**Problem to work on**
Output the data below exactly, images excluded.

**Collected material**
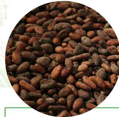
Cocoa beans with chocolate
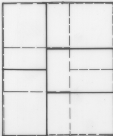
5 CASE STACK
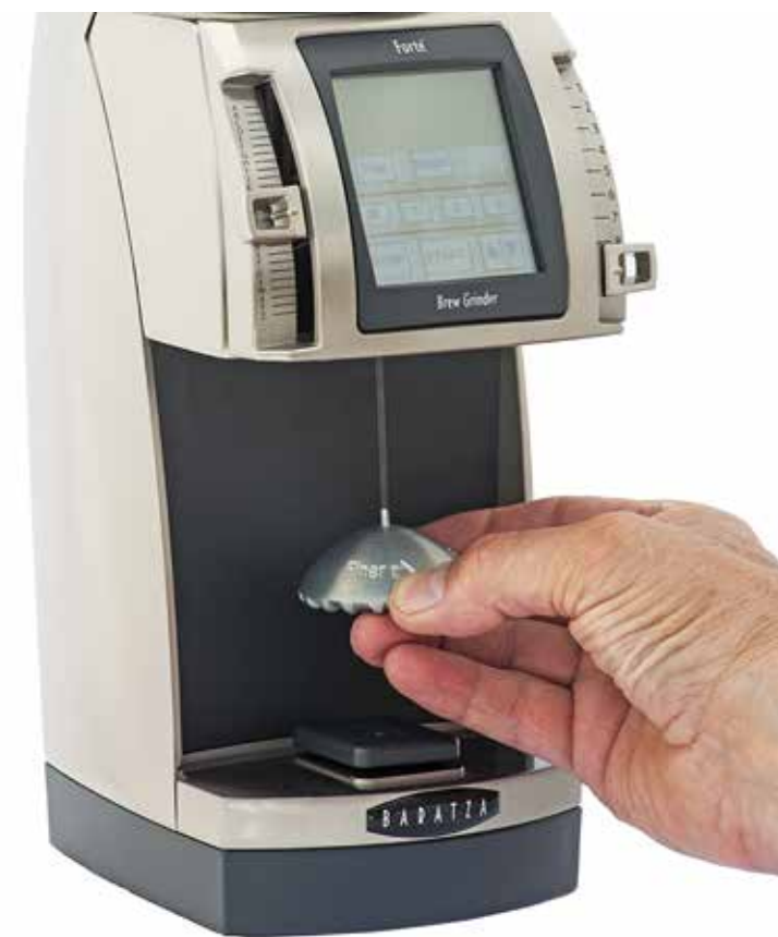
Use the burr calibration tool while the grinder is running.

Turn the grinder on and lower the Macro and Micro levers, all the way to the bottom. Let the grinder run long enough to expel any remaining ground coffee. Remove the grounds bin (For Vario-W and Forte , TARE the grinder). Now press any one of the preset buttons, then press START and insert the Calibration tool into the 2mm Allen head screw (The grinder will run until you press the STOP button). With the motor running, move the Macro arm up to the top (setting 1). You should not hear any change in motor speed. Now, slowly move the Micro arm up to the midpoint(setting M). If the motor hasn't started to slow, use the calibration tool to turn the calibration screw toward the finer direction (as indicated on tool) until you hear the motor start to slow. This setting will allow for a full range of grind. If you want a coarser grind, insert the tool and turn the opposite direction of the arrow on the tool.

**Finished exercise**
Cocoa beans with chocolate
5 CASE STACK
Use the burr calibration tool while the grinder is running.

Turn the grinder on and lower the Macro and Micro levers, all the way to the bottom. Let the grinder run long enough to expel any remaining ground coffee. Remove the grounds bin (For Vario-W and Forte , TARE the grinder). Now press any one of the preset buttons, then press START and insert the Calibration tool into the 2mm Allen head screw (The grinder will run until you press the STOP button). With the motor running, move the Macro arm up to the top (setting 1). You should not hear any change in motor speed. Now, slowly move the Micro arm up to the midpoint(setting M). If the motor hasn't started to slow, use the calibration tool to turn the calibration screw toward the finer direction (as indicated on tool) until you hear the motor start to slow. This setting will allow for a full range of grind. If you want a coarser grind, insert the tool and turn the opposite direction of the arrow on the tool.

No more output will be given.